- [Task requirements] Give back exactly the line containing "Credit Card Payment" and all that follow it in the data below, with the pictures left out.

- [Extracted records]
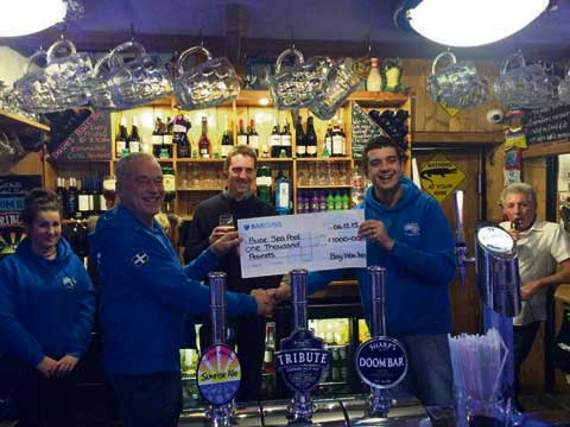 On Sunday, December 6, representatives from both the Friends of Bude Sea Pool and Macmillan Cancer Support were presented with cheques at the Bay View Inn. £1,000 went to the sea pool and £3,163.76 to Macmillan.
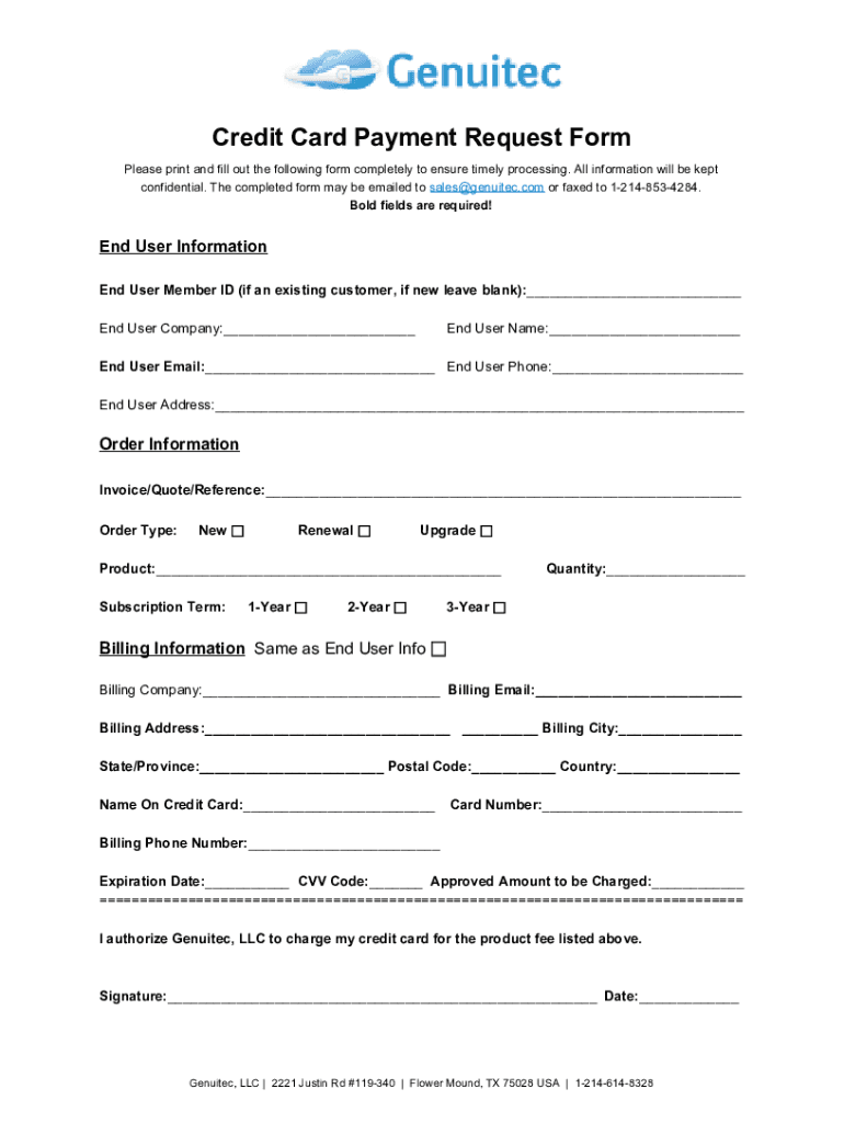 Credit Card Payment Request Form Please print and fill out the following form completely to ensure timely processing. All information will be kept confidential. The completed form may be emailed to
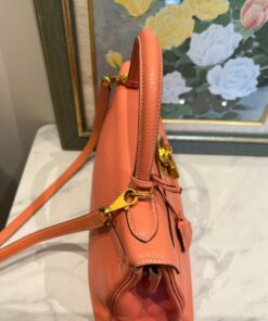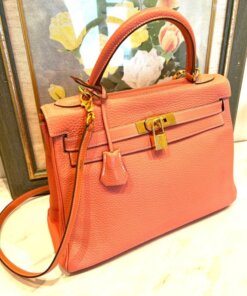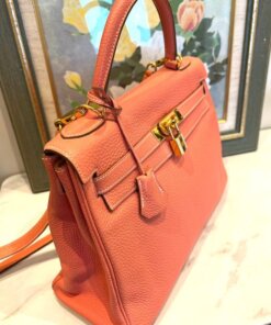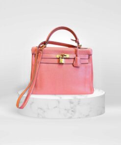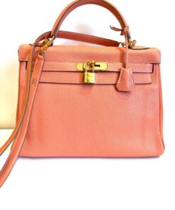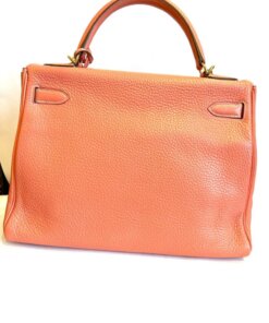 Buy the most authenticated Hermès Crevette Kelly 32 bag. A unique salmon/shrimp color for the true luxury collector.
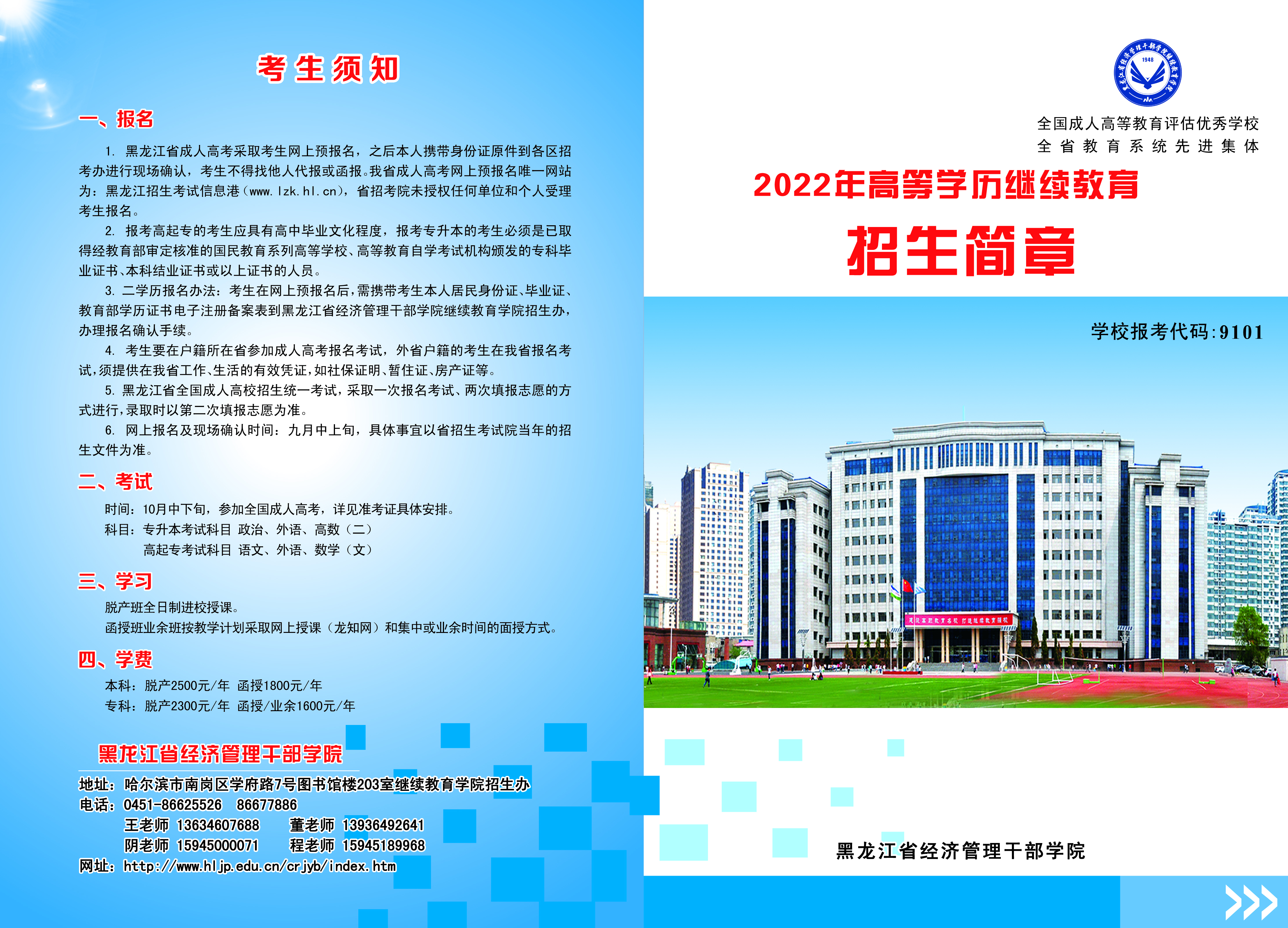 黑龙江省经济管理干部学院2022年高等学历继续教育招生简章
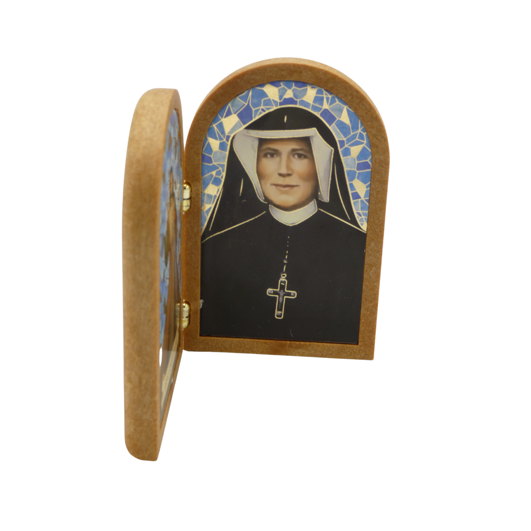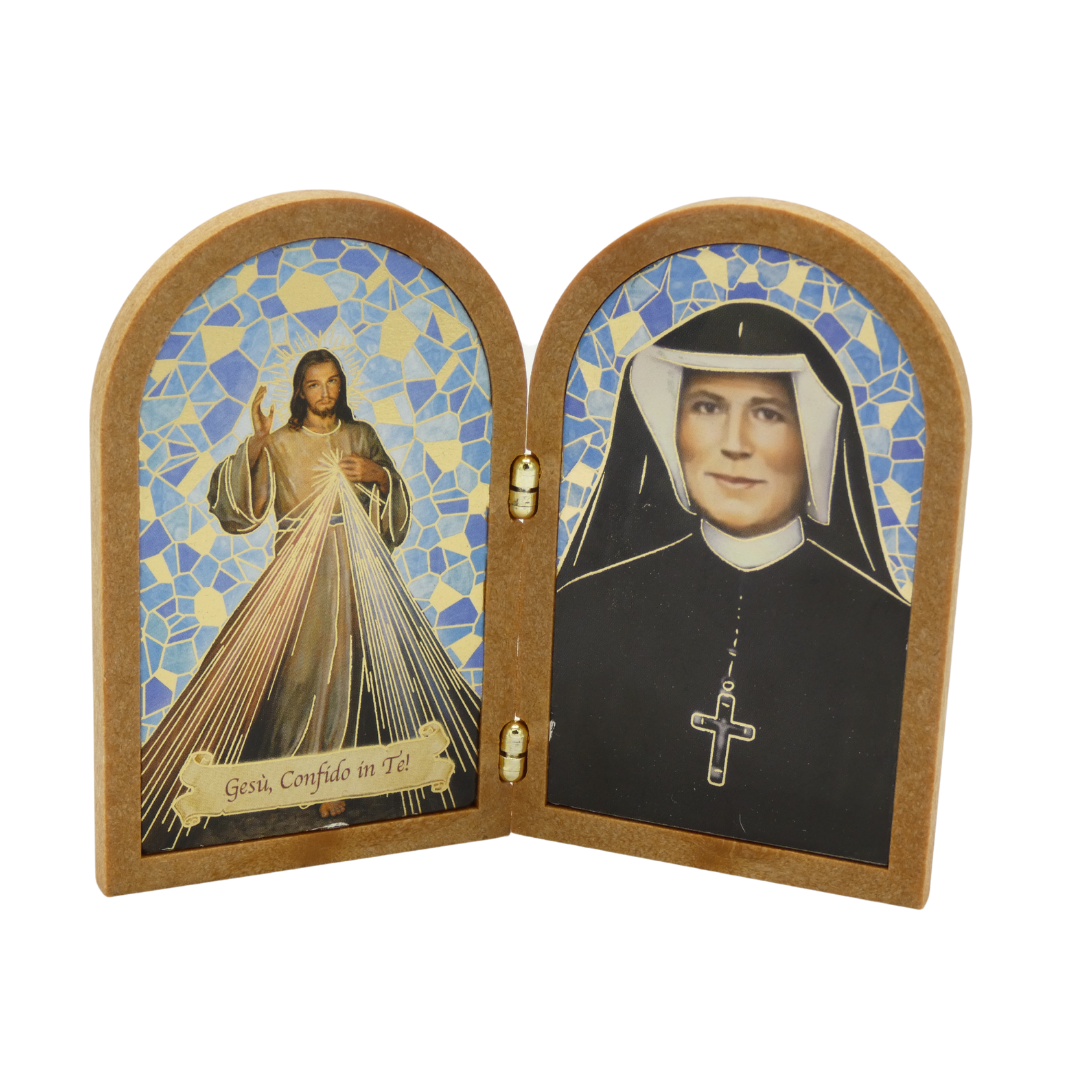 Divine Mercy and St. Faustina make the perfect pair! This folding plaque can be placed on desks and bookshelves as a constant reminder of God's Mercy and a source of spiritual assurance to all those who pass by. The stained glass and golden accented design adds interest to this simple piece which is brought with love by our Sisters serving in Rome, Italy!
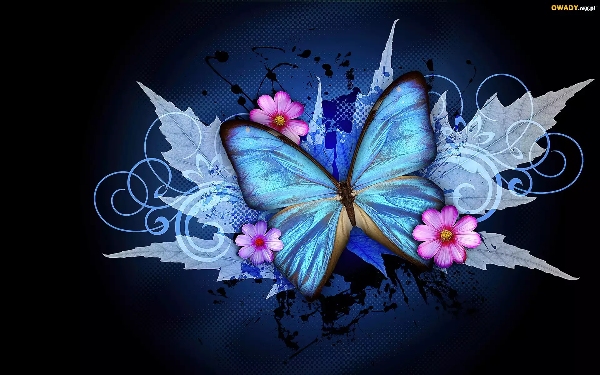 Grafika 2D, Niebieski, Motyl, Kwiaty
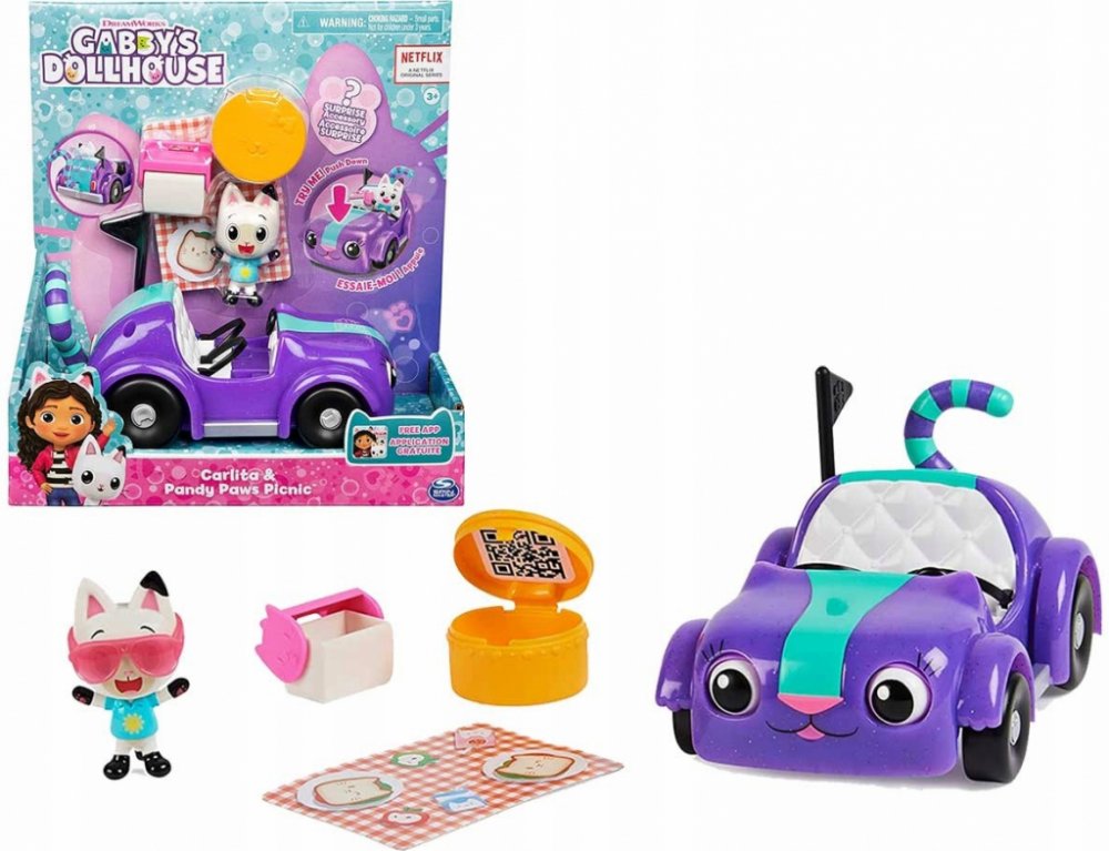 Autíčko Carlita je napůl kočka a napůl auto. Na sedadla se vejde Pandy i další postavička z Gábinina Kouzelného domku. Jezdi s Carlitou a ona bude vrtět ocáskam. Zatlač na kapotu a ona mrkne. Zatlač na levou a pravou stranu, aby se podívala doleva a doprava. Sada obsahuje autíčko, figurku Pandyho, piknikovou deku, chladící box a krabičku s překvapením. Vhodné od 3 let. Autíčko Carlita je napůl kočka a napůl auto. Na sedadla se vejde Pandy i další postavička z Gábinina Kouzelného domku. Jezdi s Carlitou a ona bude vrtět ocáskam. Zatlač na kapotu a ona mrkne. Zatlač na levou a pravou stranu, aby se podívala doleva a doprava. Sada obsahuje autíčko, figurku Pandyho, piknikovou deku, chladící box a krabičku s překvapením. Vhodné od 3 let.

- [Result of this exercise]
 Credit Card Payment Request Form Please print and fill out the following form completely to ensure timely processing. All information will be kept confidential. The completed form may be emailed to
 Buy the most authenticated Hermès Crevette Kelly 32 bag. A unique salmon/shrimp color for the true luxury collector.
 黑龙江省经济管理干部学院2022年高等学历继续教育招生简章
 Divine Mercy and St. Faustina make the perfect pair! This folding plaque can be placed on desks and bookshelves as a constant reminder of God's Mercy and a source of spiritual assurance to all those who pass by. The stained glass and golden accented design adds interest to this simple piece which is brought with love by our Sisters serving in Rome, Italy!
 Grafika 2D, Niebieski, Motyl, Kwiaty
 Autíčko Carlita je napůl kočka a napůl auto. Na sedadla se vejde Pandy i další postavička z Gábinina Kouzelného domku. Jezdi s Carlitou a ona bude vrtět ocáskam. Zatlač na kapotu a ona mrkne. Zatlač na levou a pravou stranu, aby se podívala doleva a doprava. Sada obsahuje autíčko, figurku Pandyho, piknikovou deku, chladící box a krabičku s překvapením. Vhodné od 3 let. Autíčko Carlita je napůl kočka a napůl auto. Na sedadla se vejde Pandy i další postavička z Gábinina Kouzelného domku. Jezdi s Carlitou a ona bude vrtět ocáskam. Zatlač na kapotu a ona mrkne. Zatlač na levou a pravou stranu, aby se podívala doleva a doprava. Sada obsahuje autíčko, figurku Pandyho, piknikovou deku, chladící box a krabičku s překvapením. Vhodné od 3 let.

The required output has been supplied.